Machine Learning: Ordinary least squares using statsmodel api
Regression: Building a predictive model
Linear regression or the ordinary least sqaures method, is a supervised machine learning technique that is used to predict a continuos valued output. Everytime we fit a multiple linear regression model to our data, we compute a set of weights or coefficients, $\beta_0,\beta_1,\beta_2, \beta_3…\beta_n$ where $\beta_0$ is the intercept or the constant plus a bias term also called the error term $\epsilon$.
In this post, I will show you how to build a predictive model using the statsmodel api. Before we get into that, let’s talk about the data we will be using. There are two datasets that will be used for this predictive model i.e. County health rankings and in particular the Years of potential life lost (YPPL) and Additional measures data of which you can find the cleaned up versions on my github.
Years of potential life lost or YPPL is an estimate of the average years a person would have lived if he or she had not died prematurely.

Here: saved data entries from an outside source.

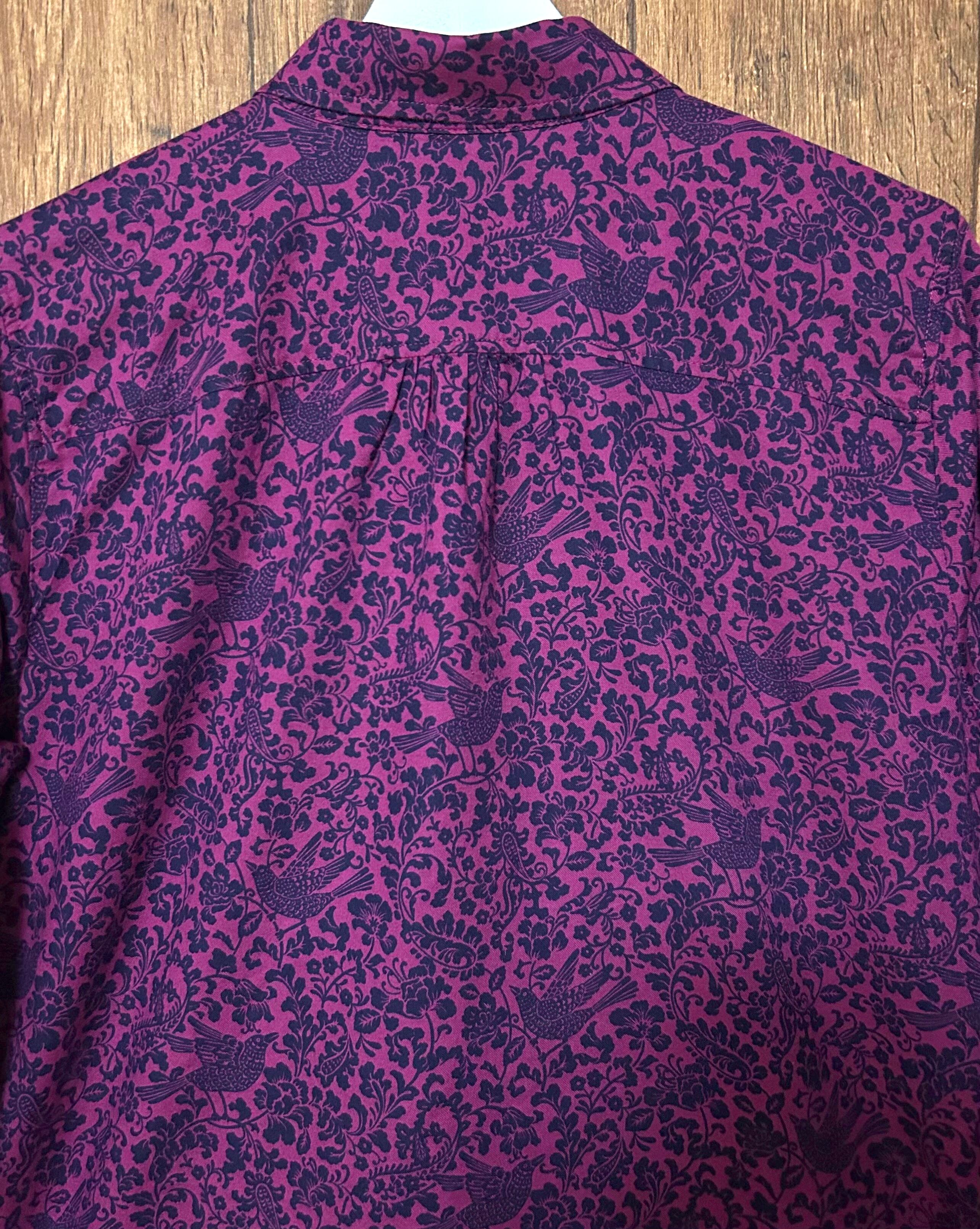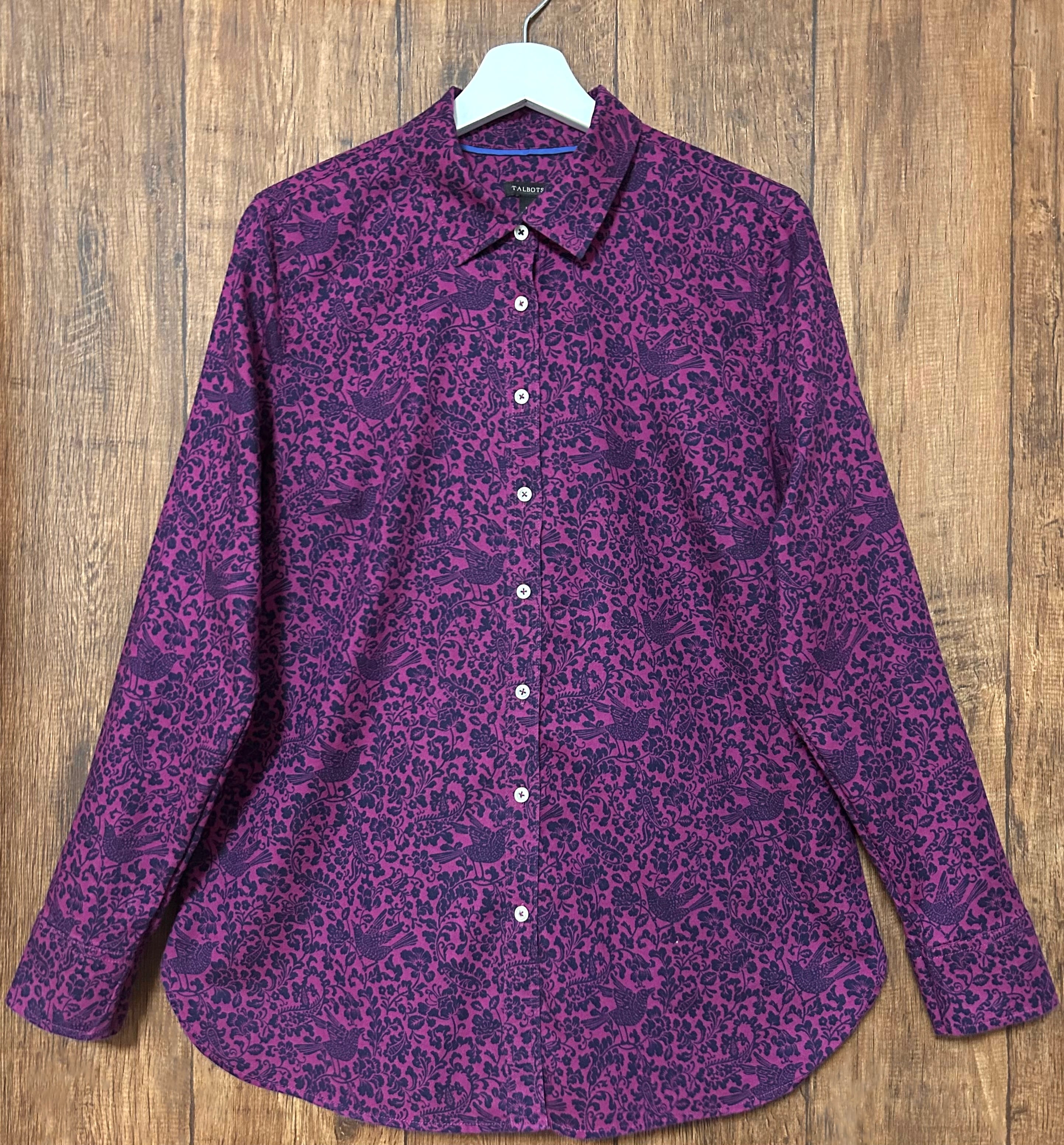 TALBOTS タルボット 花 鳥 柄シャツ 長袖 パープル 紫 レトロ 個性的 おしゃれ かわいい かっこいい ヴィンテージ used vintage USA 古着/club723 クラブ723(N701)
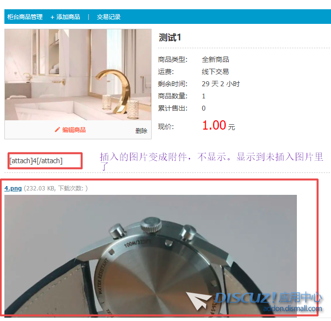 在發(fā)表出售商品貼時,在編輯器里插入圖片后保存后,正文里卻顯示是插入附件的形式,不顯示圖片。內(nèi)容后面有未插入圖片顯示。見下圖: 只有發(fā)出售商品貼才會有這種問題,常規(guī)貼正常。 現(xiàn)在用的是3.4版,是剛啟 ... 查看全文
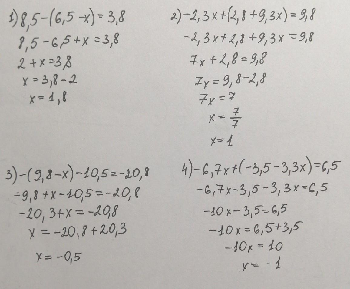 Номер 990.Решмте уравнение: 1)8,5-(6,5-x)=3,8
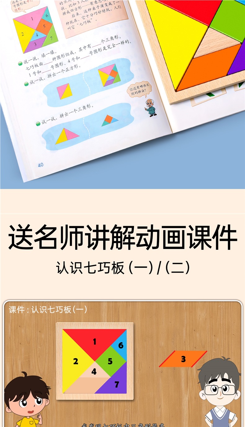• !【14x14cm】榉木七巧板小学课本同款[]
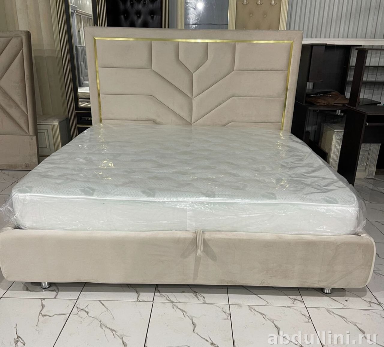 Цветовая гамма включает классические оттенки: светло-бежевый, темно-серый и бежевый с золотой отделкой. Обивка из матовой ткани придает изделию тёплый вид. Декоративные вертикальные полосы на изголовье добавляют объем и стиль.
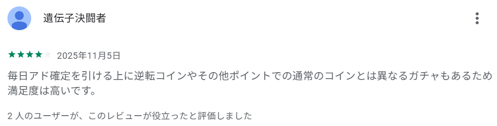 毎日アド確定を引ける上に逆転コインやその他ポイントでの通常のコインとは異なるガチャもあるため満足度は高いです。
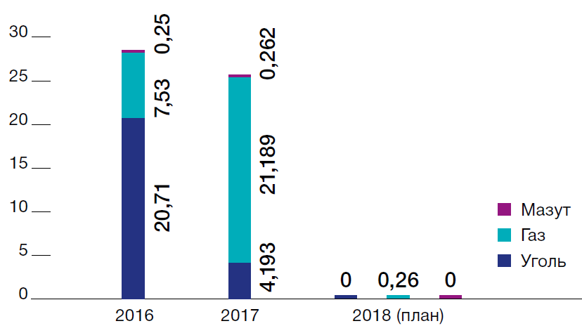 Изменение структуры потребления топлива в 2017 году обусловлено тем, что ТЭЦ АО «СХК» использовала газ взамен угля. Плановые объемы потребления на 2018 год обусловлены тем, что с 01.01.2018 все ТЭЦ преприятий Топливной компании ТВЭЛ выведены за периметр Компании.
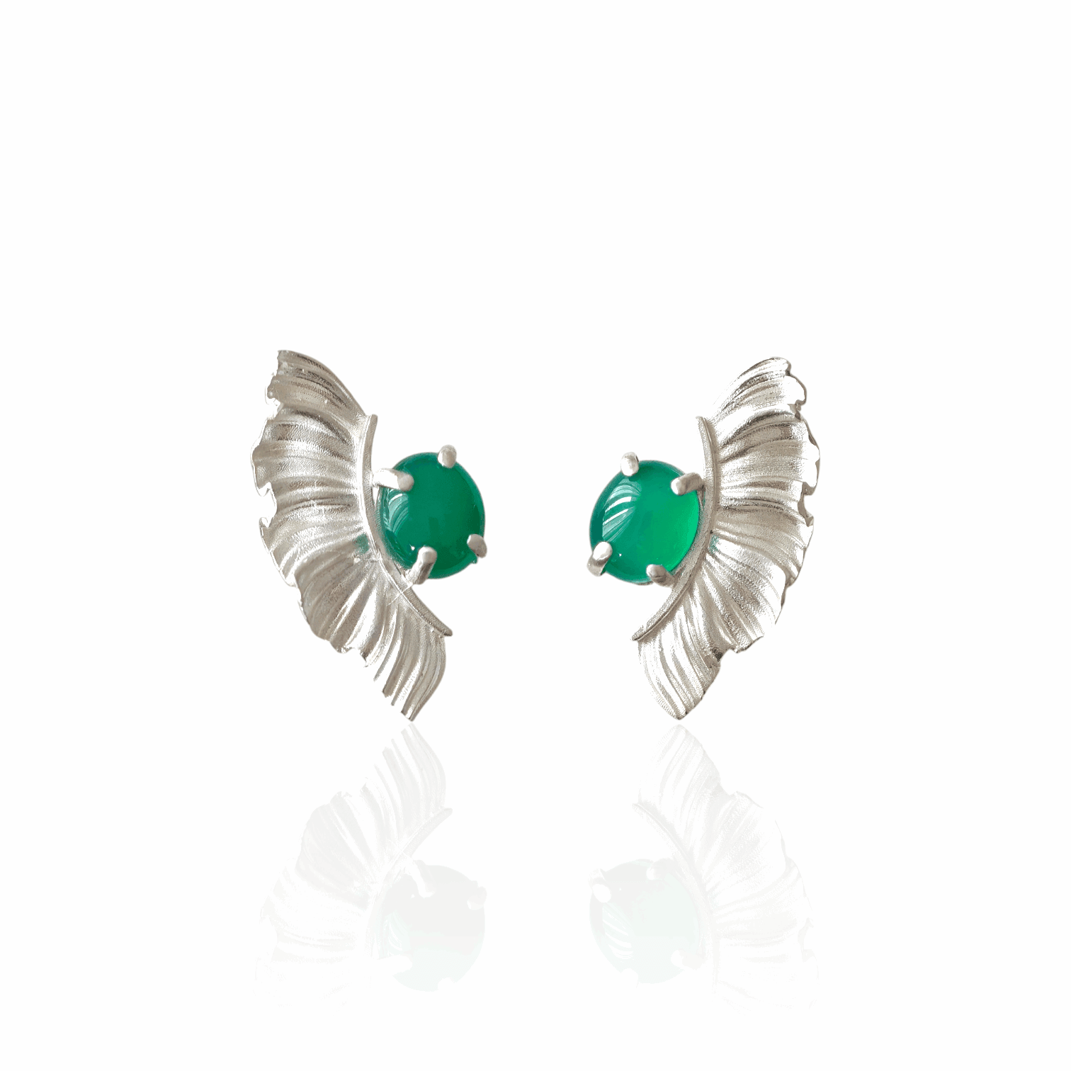 Inspired by Argus, the ever-watchful guardian with a hundred eyes, these earrings are sculpted like leaves caught in an invisible breeze. Part of the Peplos collection, their pleated fan form evokes the flowing garments of ancient goddesses and the grace of nature in motion.
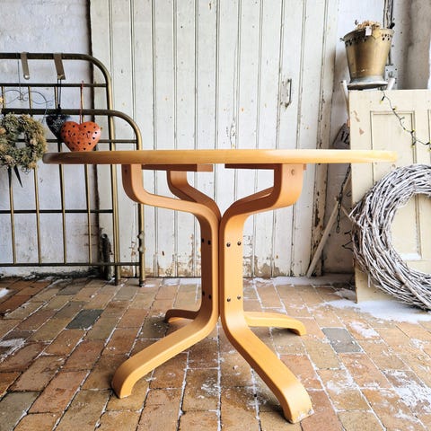 rundt egetræ spisebord
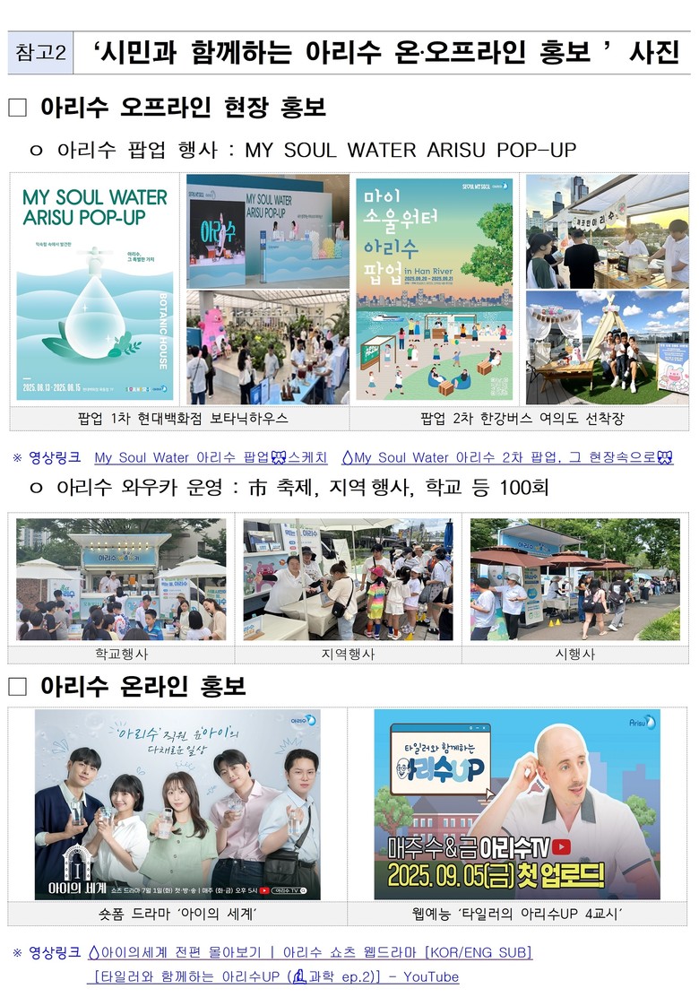 온라인에서는 스토리텔링 중심의 소통 방식을 적용했다. 방송인 타일러가 요리‧운동을 하며 아리수의 다양한 쓰임새를 보여준 웹예능과 아리수 직원들의 이야기를 담은 숏폼 드라마가 호응을 얻으며, 유튜브 아리수TV 구독자 수가 24% 증가하는 등 브랜드 호감도를 높이는 데 기여했다.
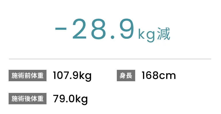 症例No.00168|107.9kg→79.0kg(50代男性・168cm)
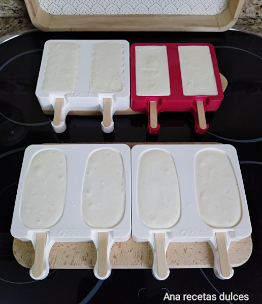 Rellenamos los moldes, insertamos los palitos y tapamos con papel film, metemos en el congelador un mínimo de 8 horas o hasta el día siguiente.
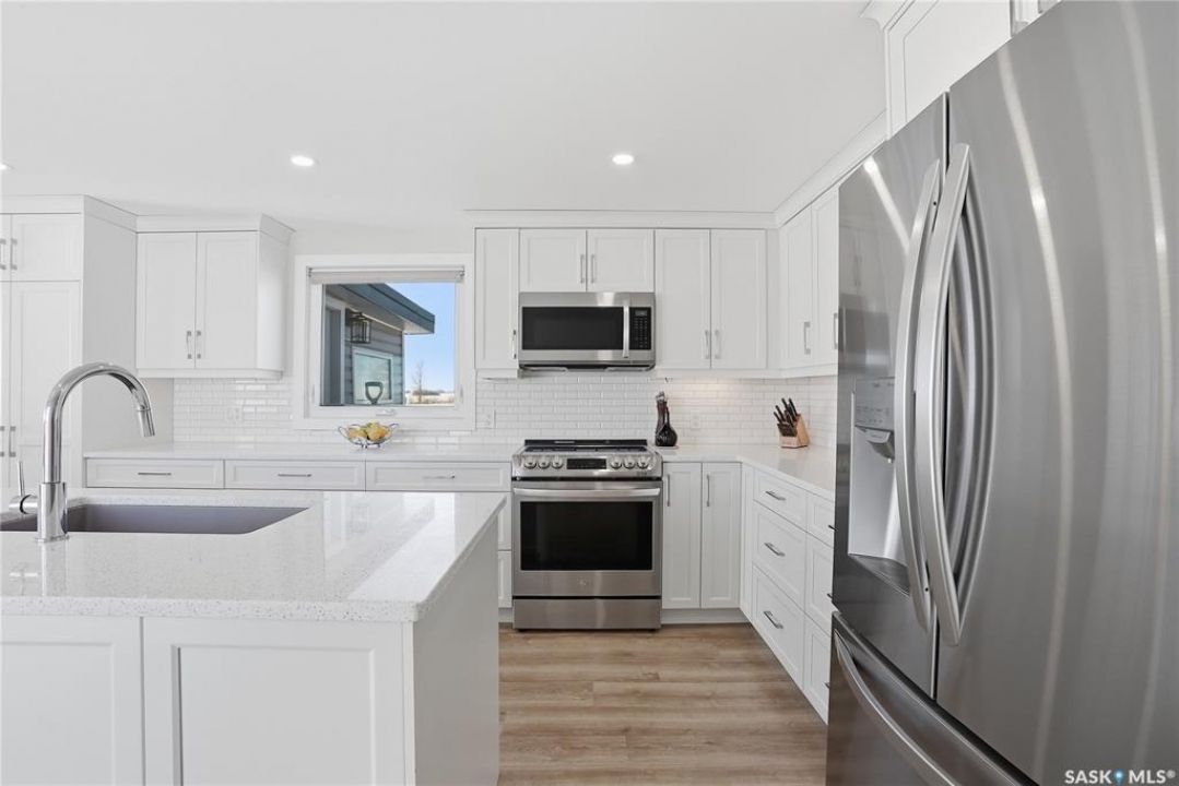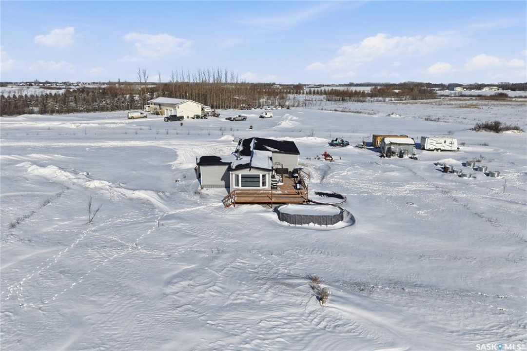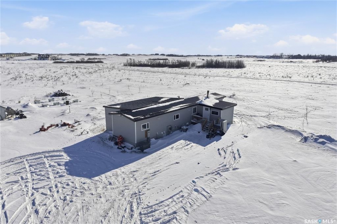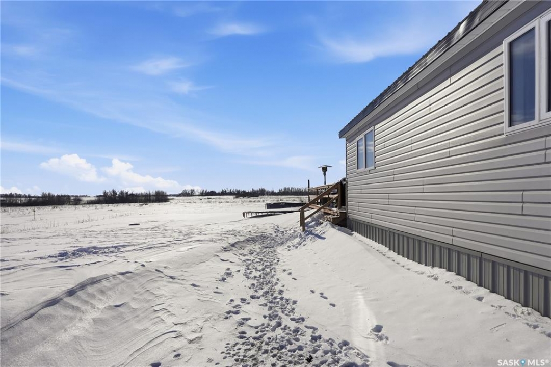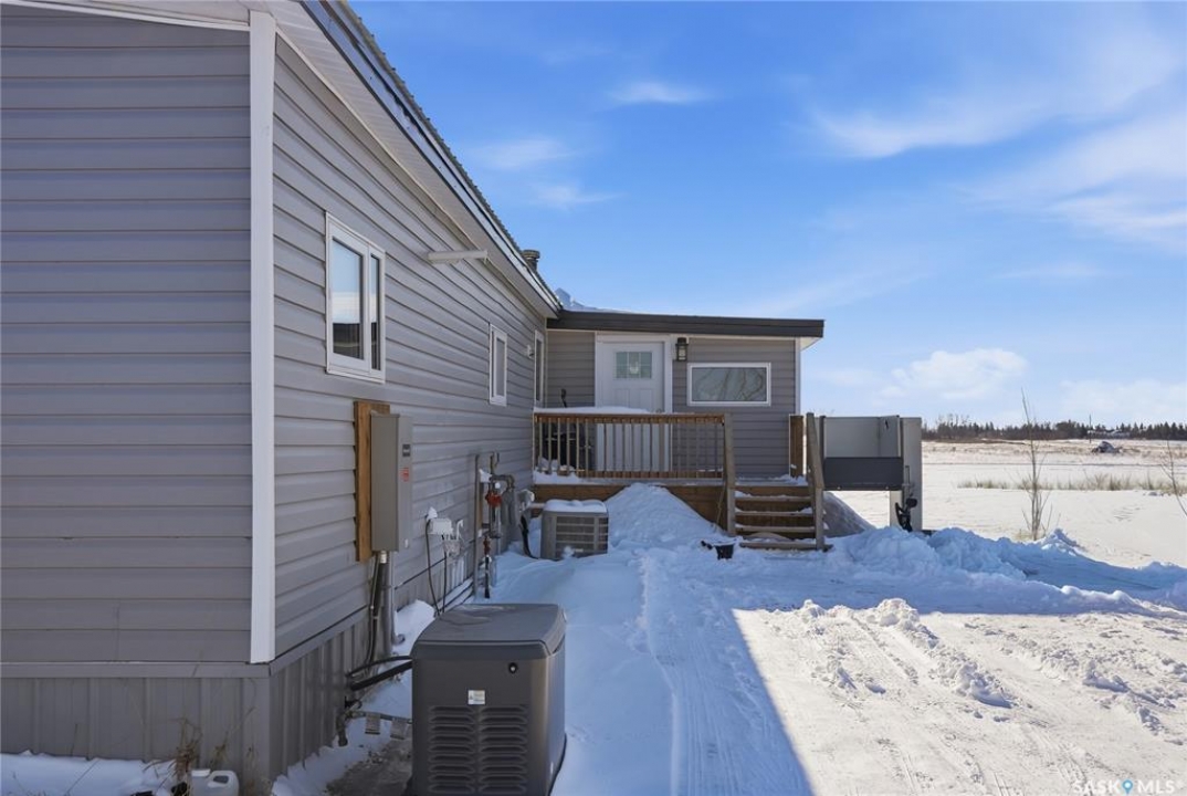Welcome to 9 Waz Road. This gem of an acreage is one you will not want to miss. Totally renovated mobile home located on 12 acres of owned land. Just 10mins outside of Saskatoon. Affordable out of town living with tons of future possibilities and options. Walk in and instantly love the modern country vibe. You are first greeted with a large mudroom with ample space for organization and storage. Continue through and you will love the open concept main area. Bright, clean and very functional kitchen with oversized island, stainless appliances, custom backsplash and quartz countertops. Cozy up with wood burning fireplace finishing off the front living room nicely. You will appreciate the extra width in this home as there were two additions added. Spacious primary bedroom with full ensuite. Three additional bedrooms and another full bath. Large laundry area and luxury vinyl plank throughout. Over 1400 sq. ft on one level. Many big ticket renovations done in 2022 include windows, doors, vinyl siding, shingles, soffit, fascia, furnace, on-demand hot water, electrical, plumbing, flooring, kitchen – virtually everything. Heated crawl space with metal skirting (dug in deeper) and spray foam insulation. Brand new septic also done in 2022 ($32K value). new central air conditioning and generator (2024). Amazing opportunity to get into acreage living now and enjoy your very own space. Conveniently located just outside Clavet with an easy short drive on gravel. CSA approved and reasonable home insurance ($4,000/ year).

It is, therefore, a measure of premature mortality. As an alternative to death rates, it is a method that gives more weight to deaths that occur among younger people.
To calculate the years of potential life lost or YPPL, an upper reference age is determined. The reference age should correspond roughly to the life expectancy of the population under study. In this data, the reference age is 75. So if a person dies at 65, their YPPL is calculated as: 75 - 65 = 10 and so on.
Now, let’s get into the data. First step of any data science project is to clean the data. This may include handling missing values if any, normalizing our data, perfoming One Hot encoding for categorical variables etc. Machine learning models do not work if our data have missing values so it’s very important that we check for missing values.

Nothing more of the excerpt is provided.